On the settle was B.J. Crawford, one foot on the cushions, one on the floor, one eye open and attentive, the rest of his face asleep. On the desk-side chair was Congressman Parker, shaved, starched, combed and pressed. Across the desk and on bookcases and shelves were slide-rules, a portable computer, drawing instruments, charts, maps and grids, and reference books, some wearing so many crumpled book-marks that they looked like the ruffles on a lamb chop.
“Ah, Cathy, come in, come in. Congressman Parker just got here.” Which explained a puzzle.
“Get some sleep?”
“Yes, sir, thank you, sir. Did you?”
“Later. Now then. B.J., where
’s that doughnut?”
Admiral Crawford, without opening his other eye, slowly raised one hand and pointed, then let it fall. From the high shelf indicated, Nelson took down a square of cardboard on which rested a large doughnut. “Remarkable technique that man has,” said Nelson, nodding toward the settee. “He’s tuned out everything but the matter at hand. Show you what I mean. B.J.,” he barked, “how do you like the L.A. Angels this season?”
B.J. Crawford lay like a corpse, the one eye fixed unfocussed on middle distance. “And mind you,” said Nelson, “there lies the nation’s number one Angels baseball fan. Now watch. B.J., what do you suppose caused this firebelt?”
“Solar flare,” B.J. responded, mutteringly, but distinctly, moving nothing but his lips, and instantly relaxing them into their former slackness.
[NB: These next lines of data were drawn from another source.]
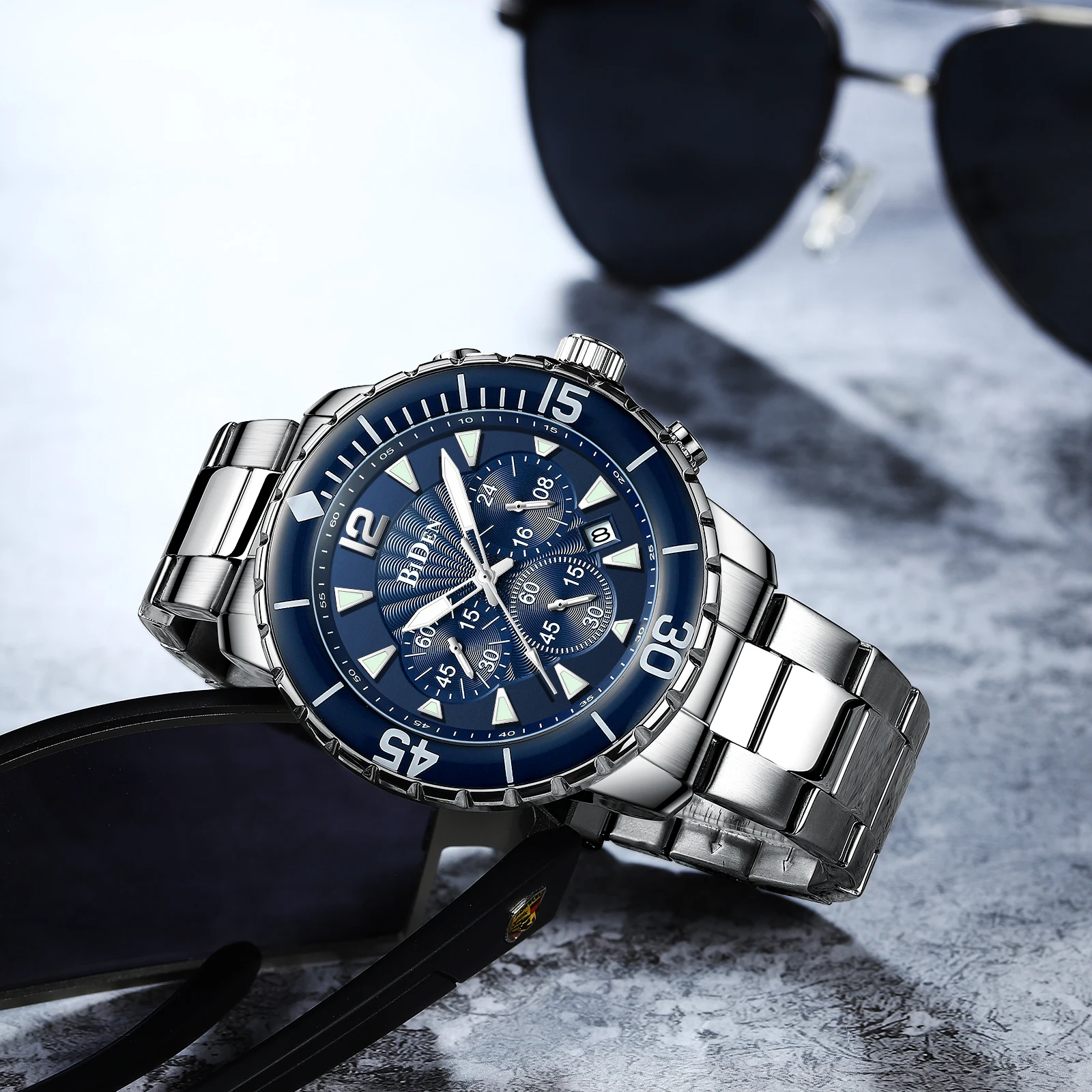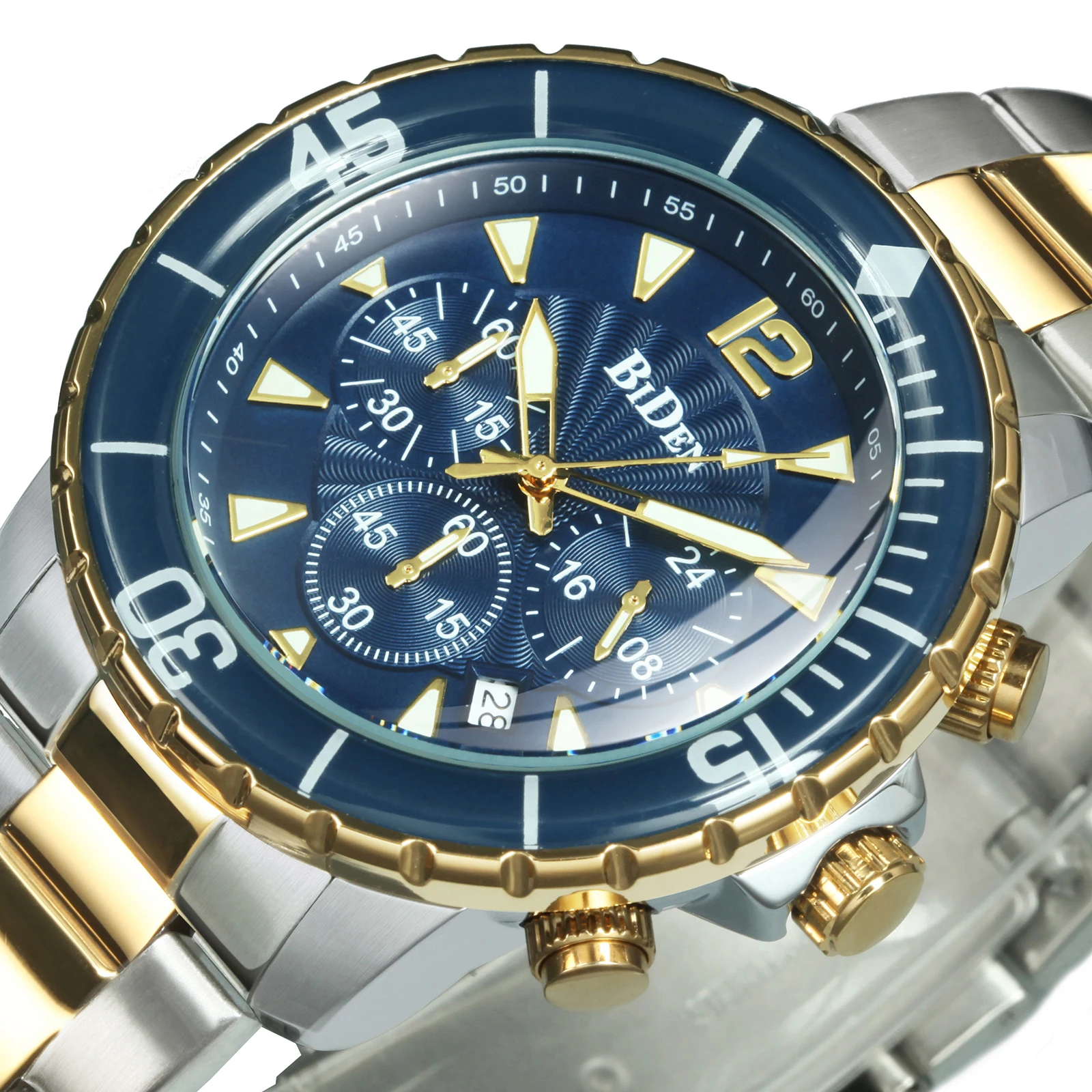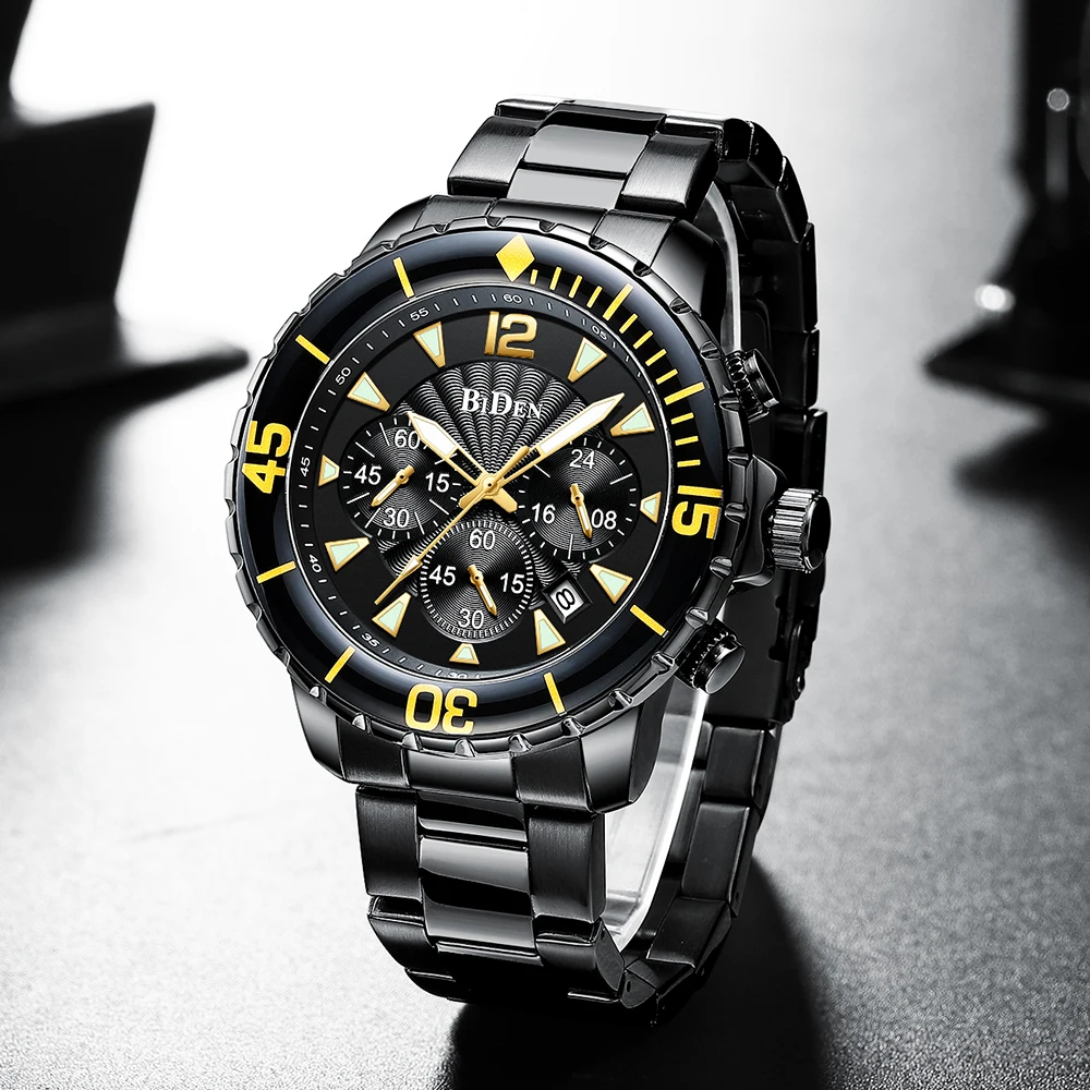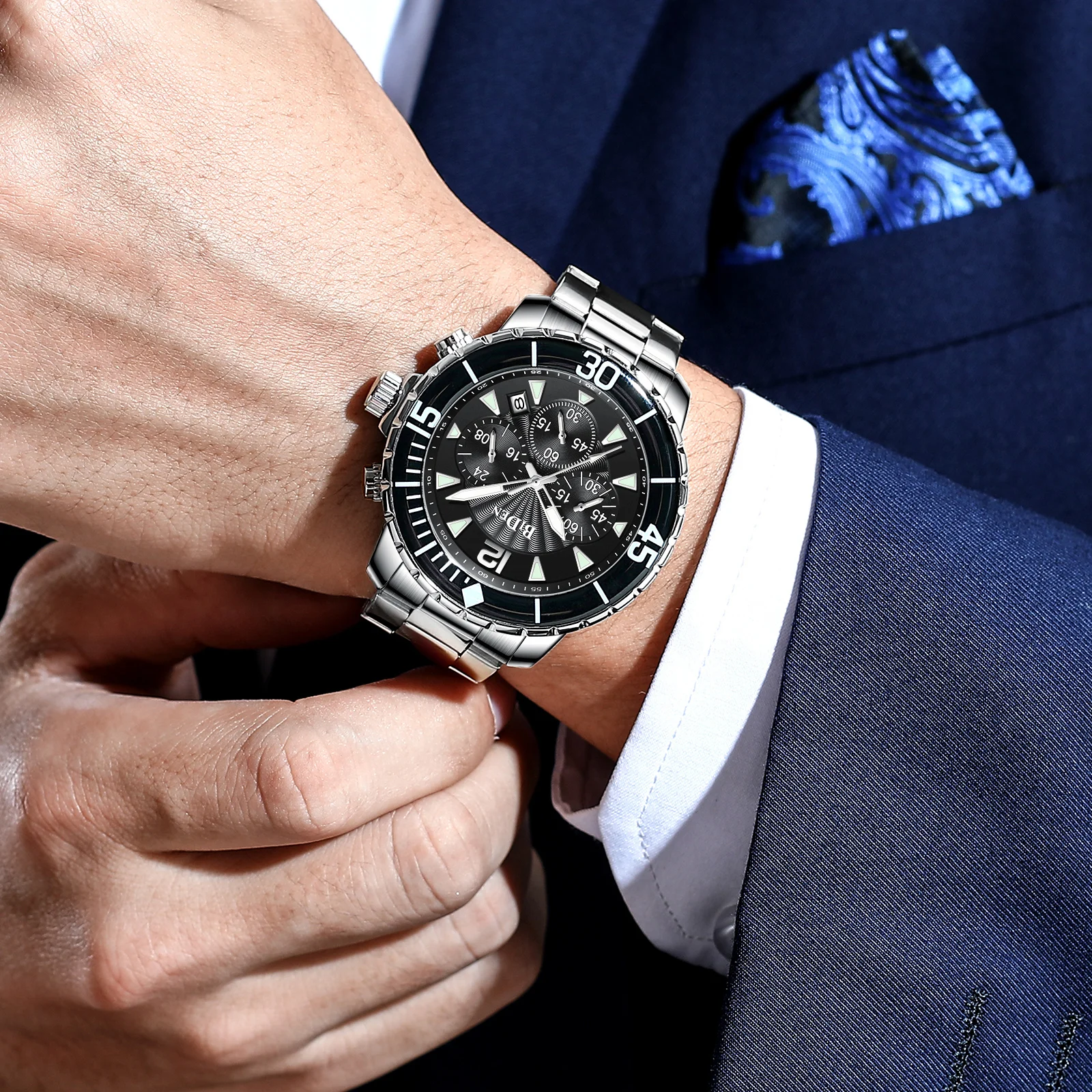 Часы мужские наручные BIDEN в стиле милитари, роскошные, кварцевые, со стальным ремешком, многофункциональные, s 2020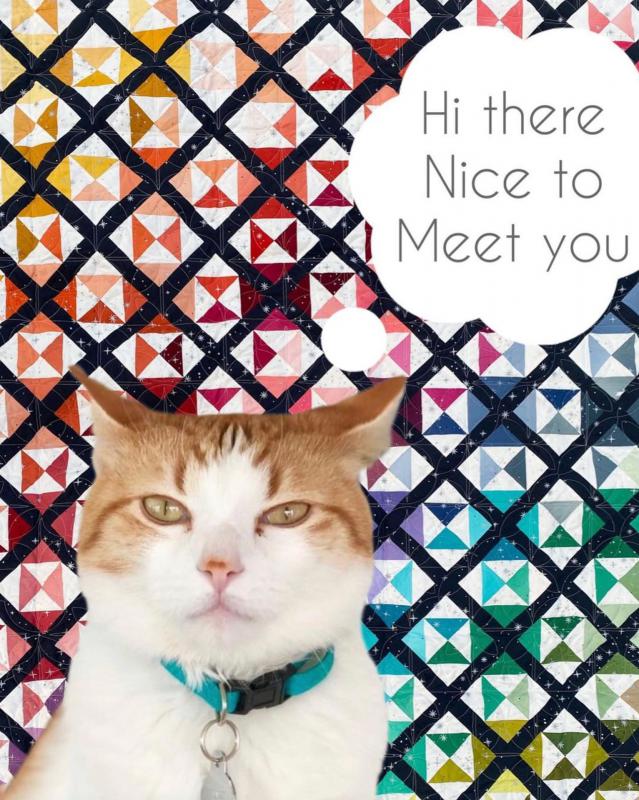 You may know Vanessa as a fabric designer (@vchristenson), but she's a lot of other things too! First gen, born in the US, first language was Spanish in the home, English later when she left the home. Been married for 25 years and together, she and her husband have 4 children (3 in college 23, 21, and 19. One still at home age 16)Her favorite thing to do is take pictures of her quilts and projects, it is the part she feels helps people really understand how quilts can bring comfort and joy. Her favorite quilt blocks include stars and flowers. So you’ll see those type of designs in most of her patterns. She’s also a certified life coach (@vchristenson.lifecoach) for perimenopausal/menopausal women who are looking to find more balance (less overwhelm and more joy!) so they can live their best lives now, and she’s working on getting her personal training and nutrition coach certification. She runs an accountability FB group for quilty women who are trying to get daily movement. She and her family have lived in the Midwest now for for over 12 years, can now use “Ope” correctly, know when to really head for the basement during a tornado siren, and can go outdoors in the spring with 40 degree weather thinking it’s “nice” out. And, of course, she spends most of her time sewing while her cat spends most of his time trying to "help".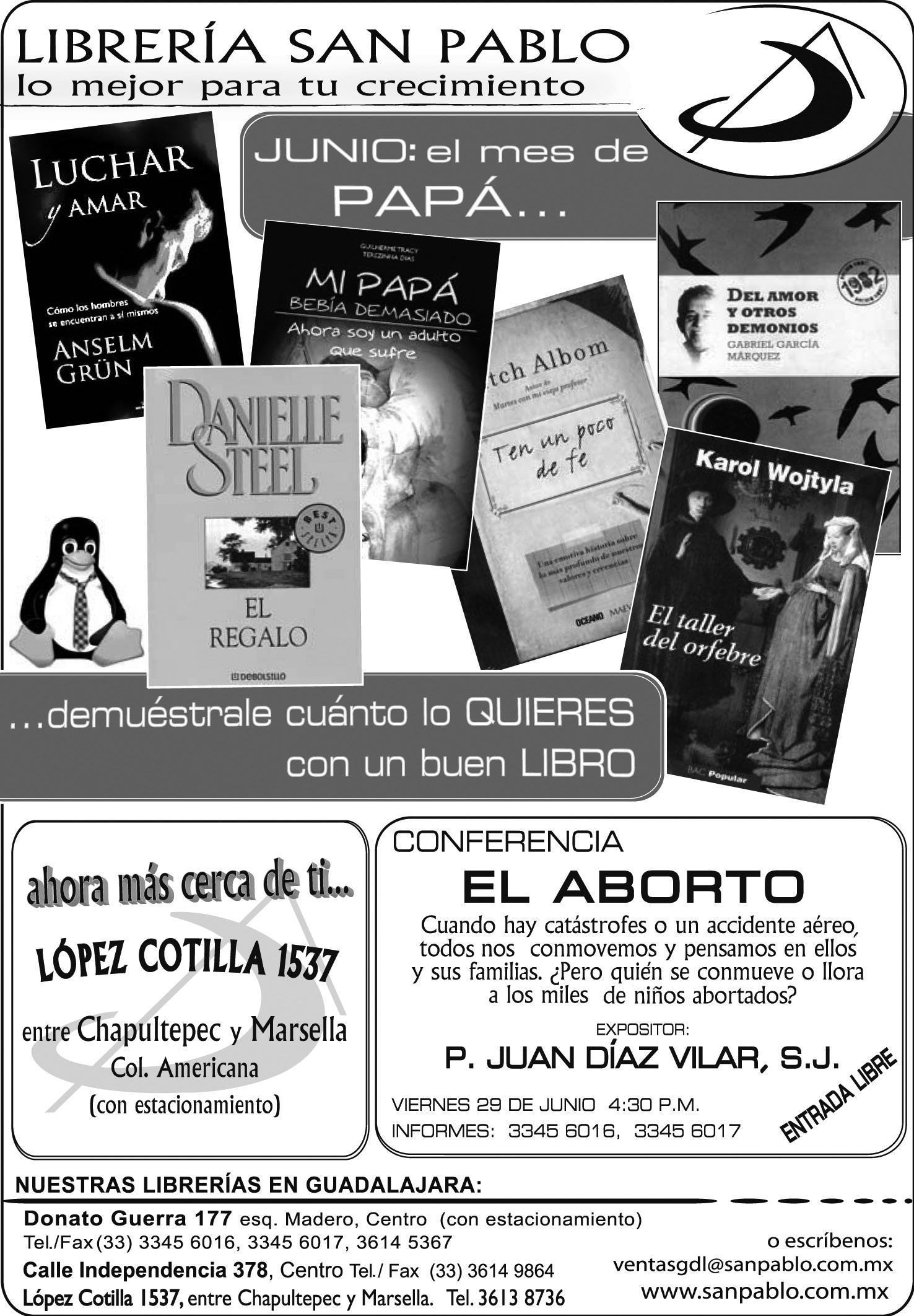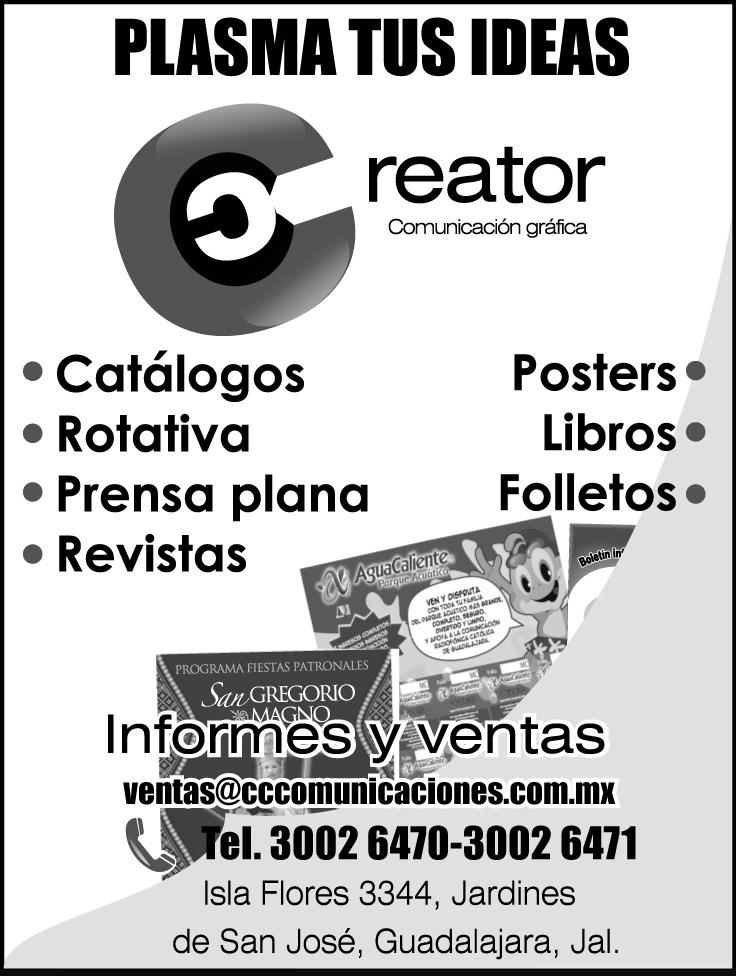 Órgano de Formación e Información Católica Semanario Arquidiocesano de Guadalajara, fundado por el Sr. Cardenal Dn. Juan Sandoval Íñiguez, el 24 de enero de 1997 Registrado ante la Comisión Calificadora de Publicaciones y Revistas Ilustradas —CCPRI— en Certificados de Licitud de Título y Contenido números 10296 y 7226 expediente 1/432“97”/13565 el 20 de enero de 1998 y en el Instituto Nacional de Derecho de Autor, bajo reserva al uso exclusivo del título 04-2011-070709061600-101 el 7 de julio de 2011 Registro Postal Publicación Periódica PP14-0002-2000, autorización por SEPOMEX No se devuelven originales. Los escritos firmados son responsabilidad del autor, no de la publicación ni del titular Es una publicación editada por Creator Comunicación, S. de RL. de CV., con oficinas y redacción en Isla Flores No. 3344-2, Col. Jardines de San José, Guadalajara, Jal., México, C.P. 44950 A.P. 3-31.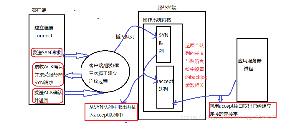 3、客户端调用connect之后,发起SYN请求(一次握手),客户端收到之后会将请求放在SYN队列中,并给客户端回复ACK帧和SYN(二次握手),客户端收到之后返回确认连接的ACK帧给服务器(三次握手),服务器收到之后会将请求从SYN队列中移到accept队列中,这就是三次握手在代码中的体现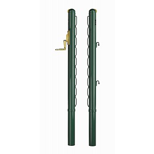 Pair of tennis posts with round profile, Ø 76mm, according to DIN, special aluminum profile, green powder-coated. including ground sockets.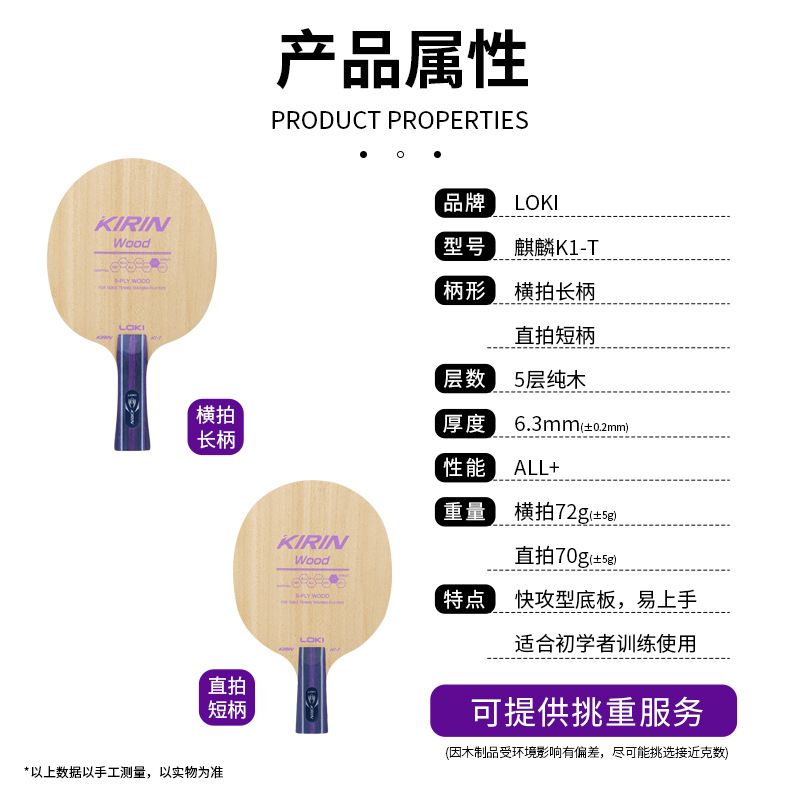 LOKI Raytheon ракетка для настольного тенниса тренировочная начальная нижняя пластина 5 слоев чистого дерева оптом Кирин KIRIN K1-T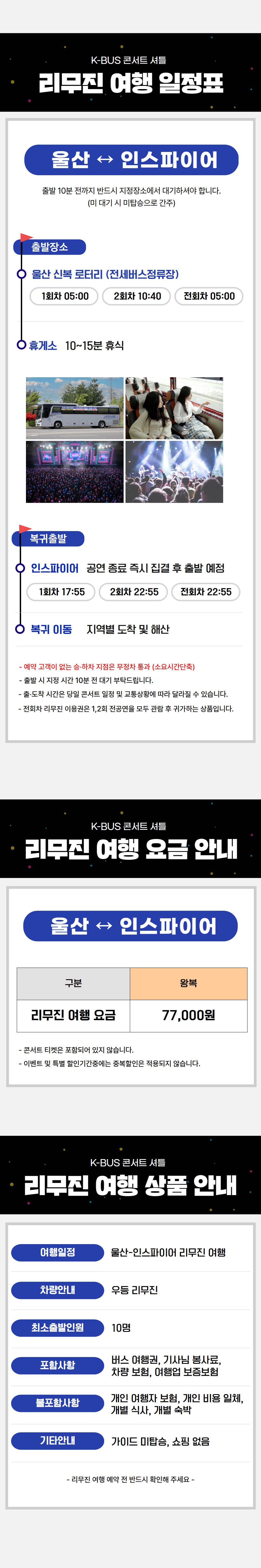 | ·불포함내역 | 콘서트입장권, 개인 여행자 보험, 개인 비용 일체 개별 식사, 개별 숙박, 가이드 미탑승, 쇼핑없음 |

“Remarkable man,” said Nelson admiringly. “Cathy, you couldn’t have got here at a better time. I was just about to explain my theory to the Congressman here, and I want you to listen too. You and he are the ideal audience. Intelligent and uninformed. Don’t get mad: I mean it kindly. It’s the most useful you could be.
“Tell you why. When we get to New York it isn’t going to be what you’d expect—a nice quiet technical discussion among scientific bigwigs, with some bright newspaper men to translate and interpret for the wire services. There won’t be time. We have a program, a cure for this thing, and we’ll have to—”
“We have?” cried the Congressman and Cathy in unison, and Cathy added “. . . . sir?”
“Oh sure,” said Nelson, brushing aside their hopeful astonishment; he didn’t quite say, “What else?” but his tone did. “But we haven’t time for presentation plus discussion plus persuasion in the scientific area, and then translation into plain American and the whole thing all over again to the public. We have to hand it over to everybody all at once with no gobbledegook, because from the looks of things we’re going to have to do everything at a dead run or not at all. So you two are to be the guinea pigs, right? I’ll make my little pitch and if there’s anything you don’t understand for Pete’s sake sound off and say so, because when I get up there and spout, I have to be sure my nozzle’s adjusted somewhere between needle-jet and dense fog. Right? Right.